▶ _TASK TO COMPLETE_:
In your copy of the data, keep every word exact and include no pictures.

____________________

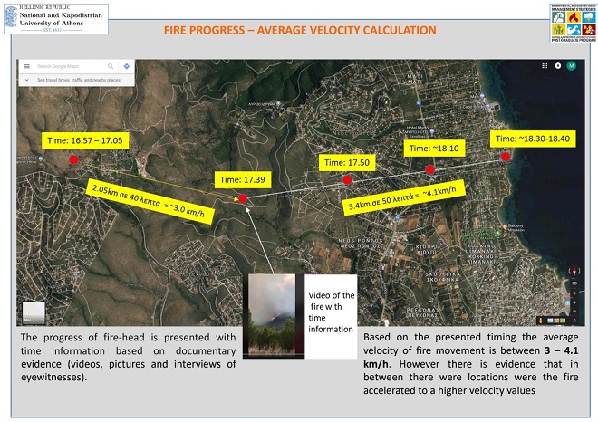 Μεταξύ των άλλων η ομάδα του καθηγητή κ. Ευθύμη Λέκκα αναλύει το χρονολόγιο της κατεύθυνσης και της έντασης των ανέμων, αποτυπώνει το μέγεθος της έκτασης που κάηκε, αλλά και την ταχύτητα του πύρινου μετώπου.
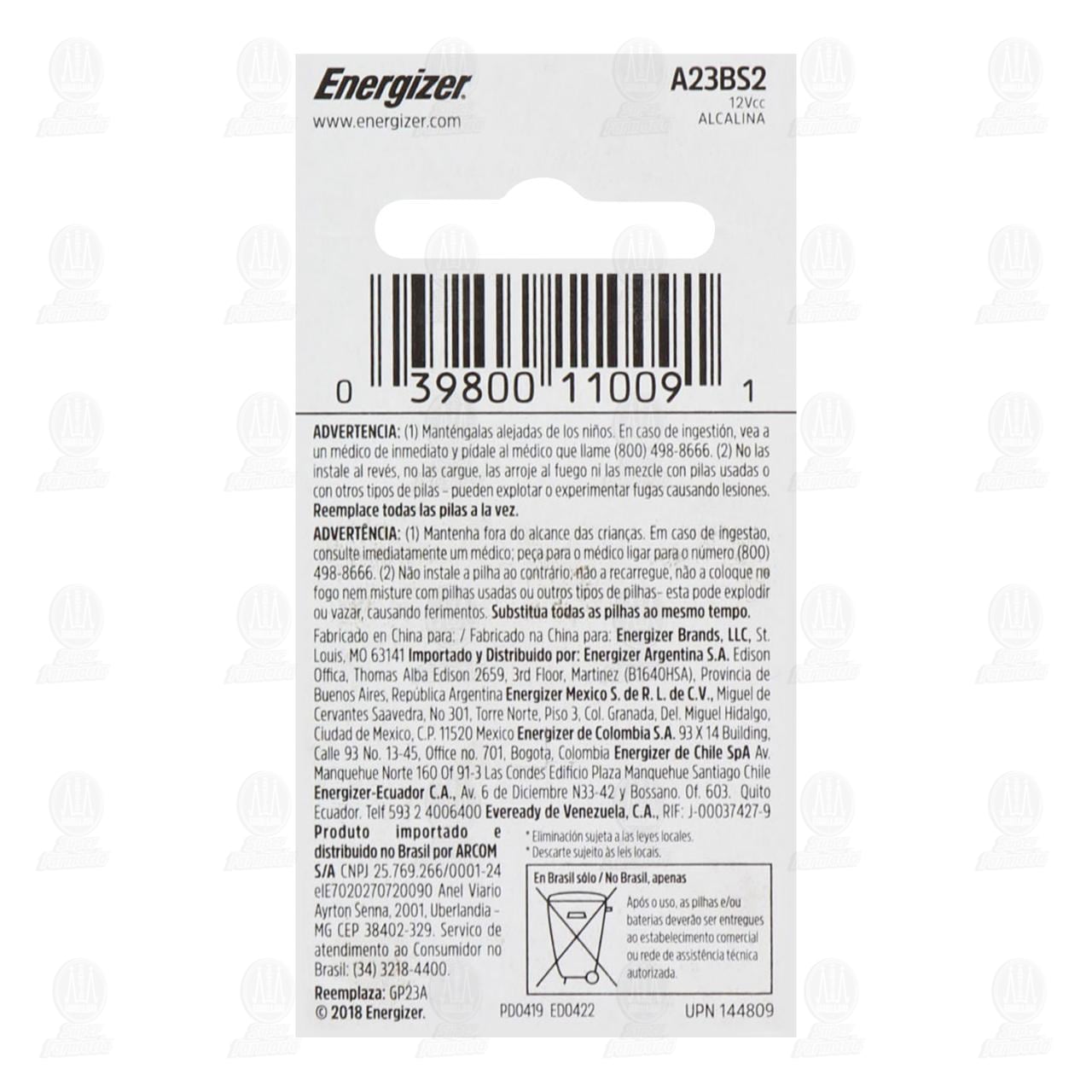Pilas alcalinas Energizer A23 de 12V, . Contiene 2 piezas.
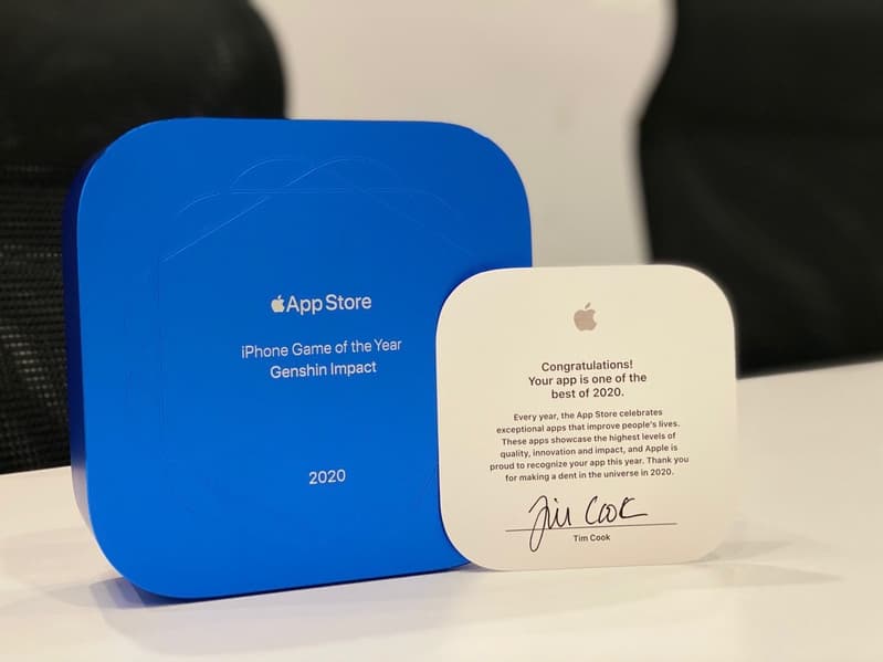 Фотографиями награды поделились разработчики игр Flexibits, Genshin Impact и Share the Meal на своей страничках в Twittter. Изготовленная из полностью переработанного алюминия награда содержит логотип App Store и название приложения-победителя.
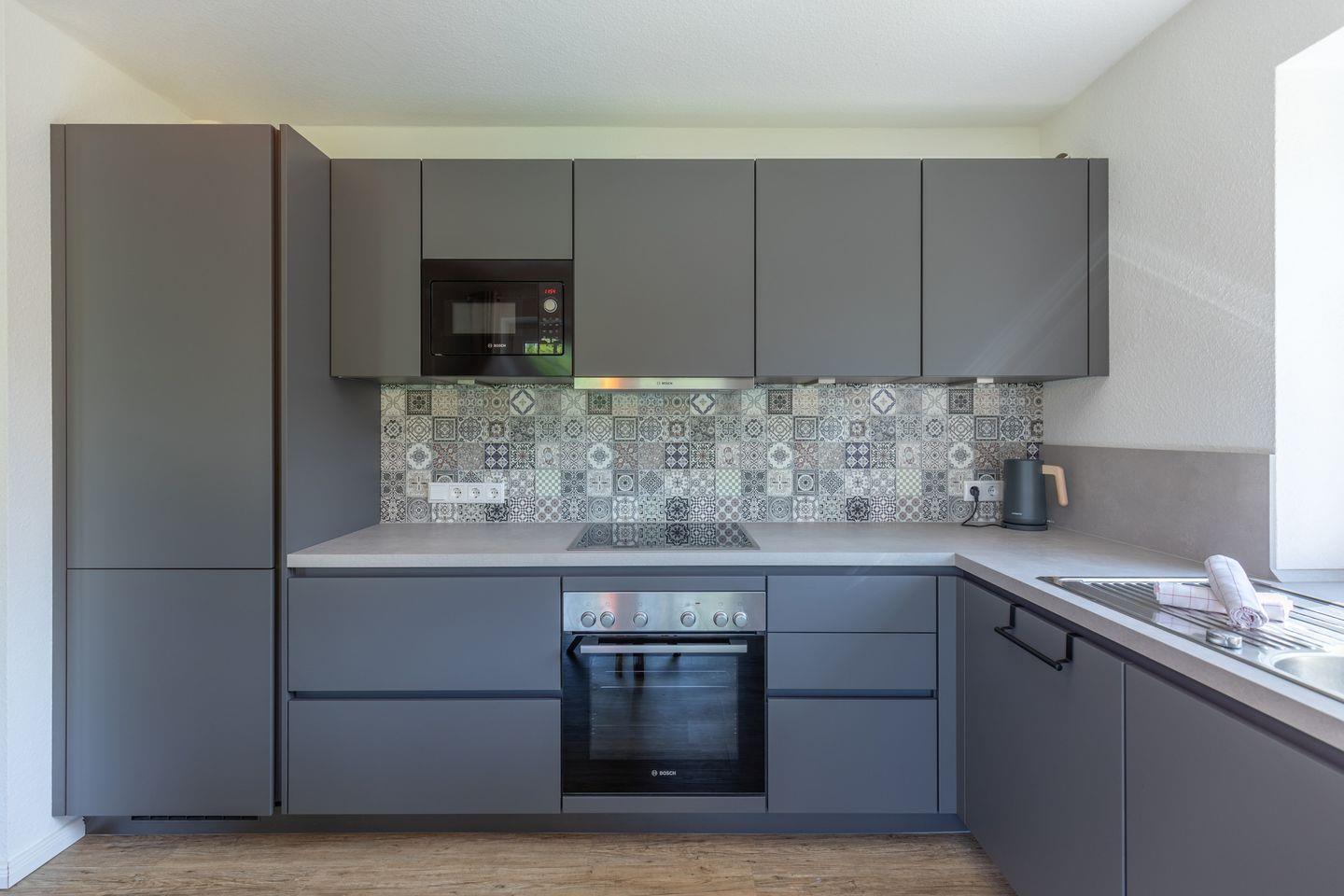 Der offen gestaltete Wohnbereich ist mit einer gemütlichen Sofaecke, einem Essbereich und Satelliten-TV ausgestattet. Die moderne Küche lässt mit Ceranfeld, Backofen, Mikrowelle, Spülmaschine und weiteren Küchenutensilien keine Wünsche offen. Ein Esstisch, Geschirrhandtücher sowie Kaffeemaschine und Toaster komplettieren die Kücheneinrichtung.
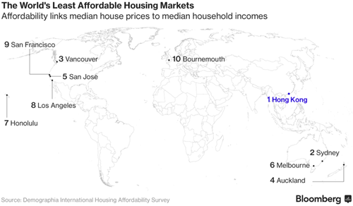 Cuộc tranh luận về giàu - nghèo ở Hồng Kông thường đi vòng về một chữ: đất. Nhà ở tại Hồng Kông đắt nhất thế giới, theo viện chính sách nhà ở Demographia. Giá nhà so với thu nhập trung bình vượt xa những đô thị như Sydney, London và San Francisco. Giá cả tăng gần 400% kể từ khi đợt suy thoái bất động sản kết thúc cách đây 14 năm.
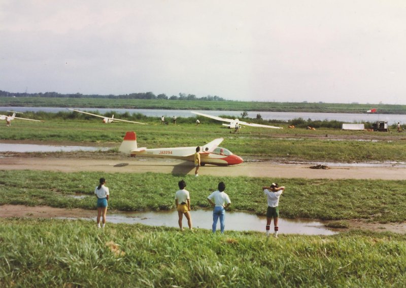 1982年夏合宿、土手側の川上から南風発航の1コマです。
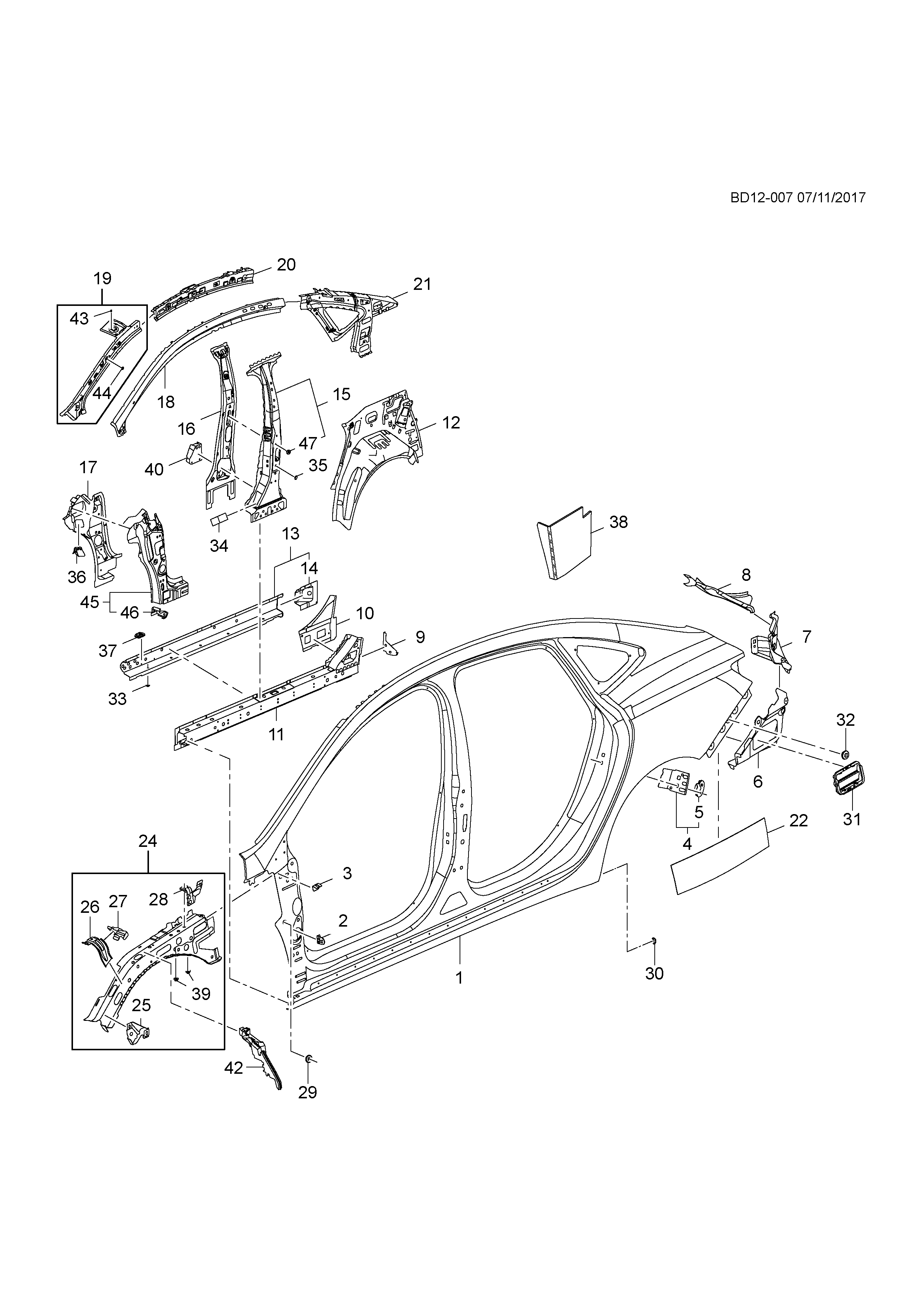 Reinforcement, center pillar, outer (incl 47)
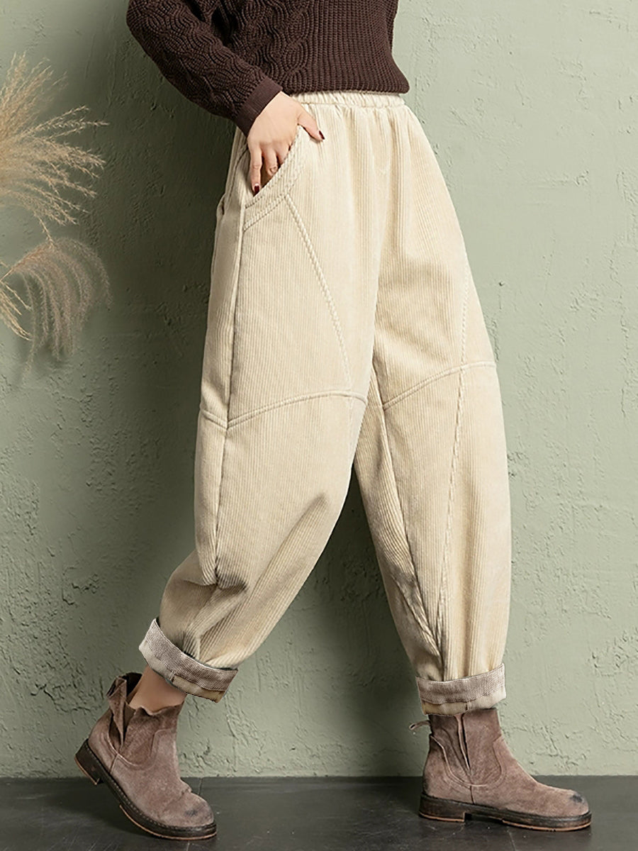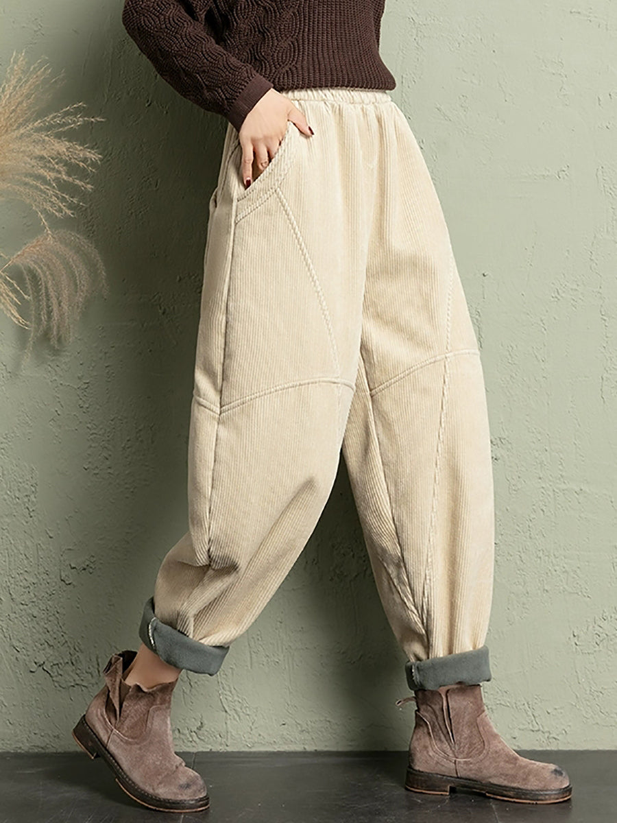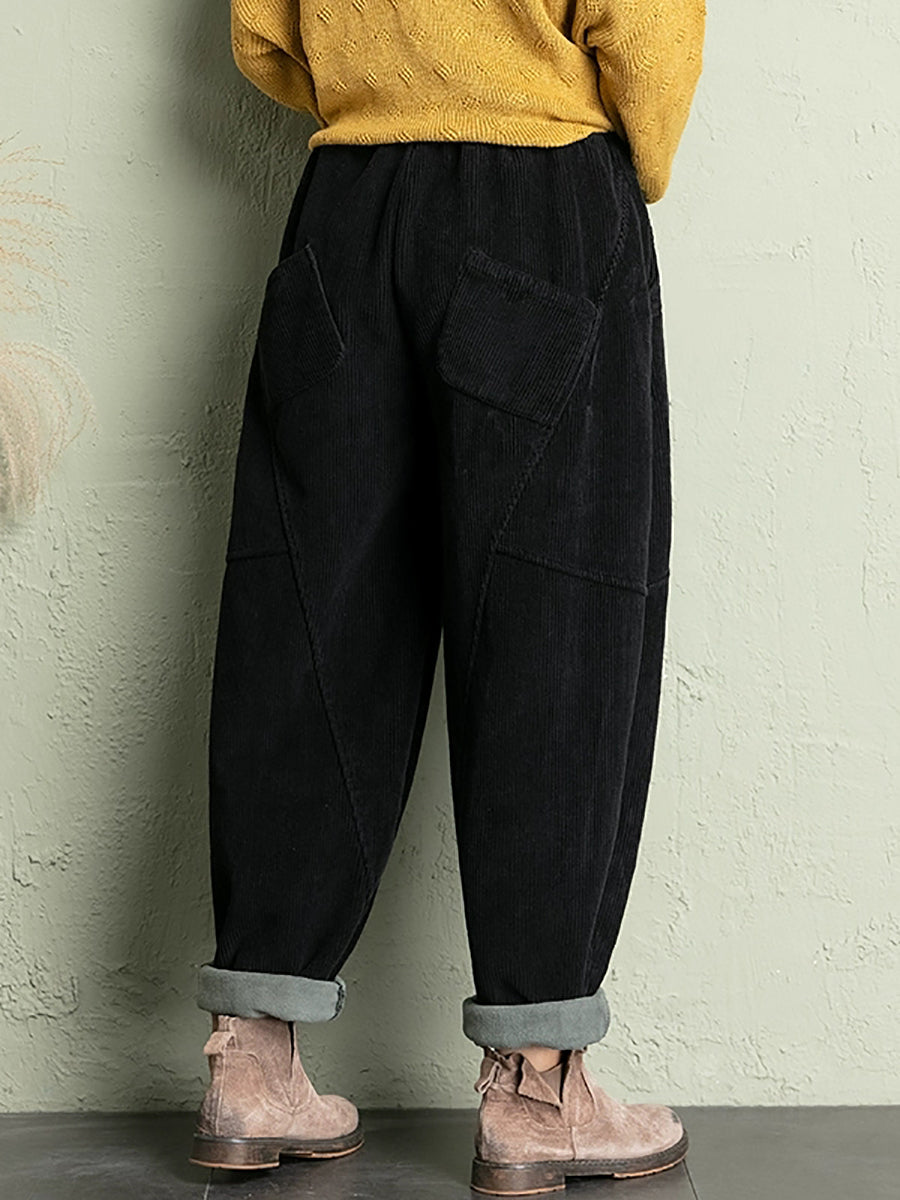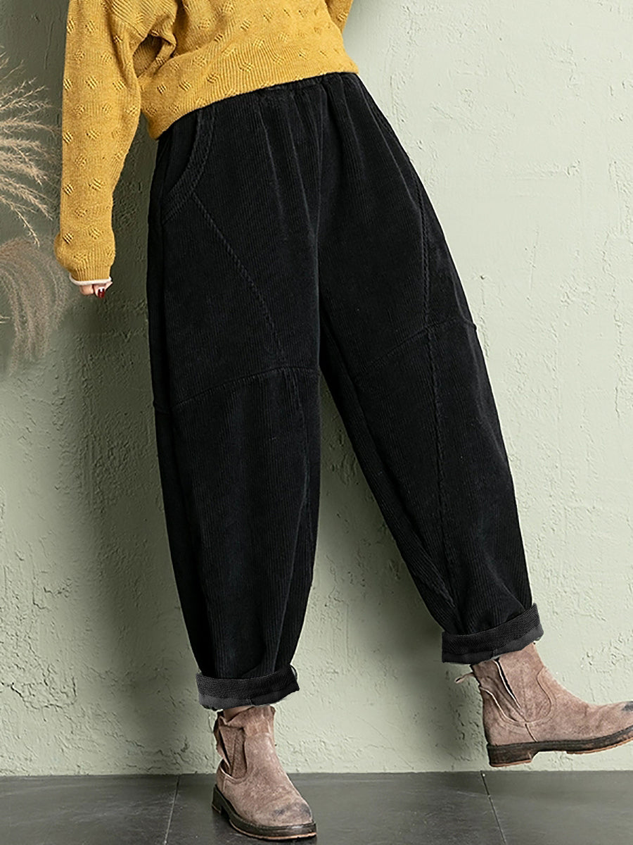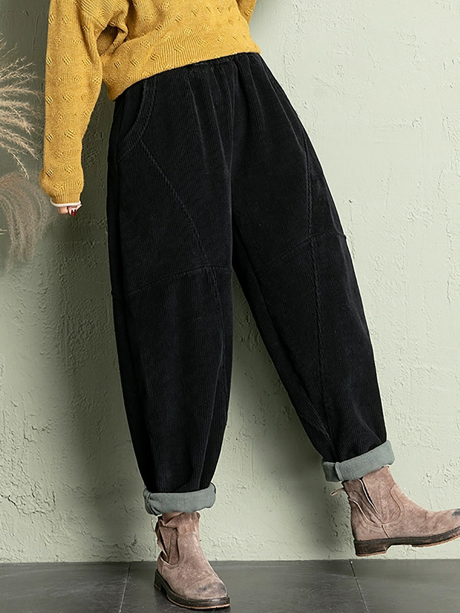 Pantalon sarouel décontracté d'hiver en velours côtelé de couleur pure pour femme

____________________

▶ _ANSWER TO THIS EXERCISE_:
 Μεταξύ των άλλων η ομάδα του καθηγητή κ. Ευθύμη Λέκκα αναλύει το χρονολόγιο της κατεύθυνσης και της έντασης των ανέμων, αποτυπώνει το μέγεθος της έκτασης που κάηκε, αλλά και την ταχύτητα του πύρινου μετώπου.
Pilas alcalinas Energizer A23 de 12V, . Contiene 2 piezas.
 Фотографиями награды поделились разработчики игр Flexibits, Genshin Impact и Share the Meal на своей страничках в Twittter. Изготовленная из полностью переработанного алюминия награда содержит логотип App Store и название приложения-победителя.
 Der offen gestaltete Wohnbereich ist mit einer gemütlichen Sofaecke, einem Essbereich und Satelliten-TV ausgestattet. Die moderne Küche lässt mit Ceranfeld, Backofen, Mikrowelle, Spülmaschine und weiteren Küchenutensilien keine Wünsche offen. Ein Esstisch, Geschirrhandtücher sowie Kaffeemaschine und Toaster komplettieren die Kücheneinrichtung.
 Cuộc tranh luận về giàu - nghèo ở Hồng Kông thường đi vòng về một chữ: đất. Nhà ở tại Hồng Kông đắt nhất thế giới, theo viện chính sách nhà ở Demographia. Giá nhà so với thu nhập trung bình vượt xa những đô thị như Sydney, London và San Francisco. Giá cả tăng gần 400% kể từ khi đợt suy thoái bất động sản kết thúc cách đây 14 năm.
 1982年夏合宿、土手側の川上から南風発航の1コマです。
 Reinforcement, center pillar, outer (incl 47)
 Pantalon sarouel décontracté d'hiver en velours côtelé de couleur pure pour femme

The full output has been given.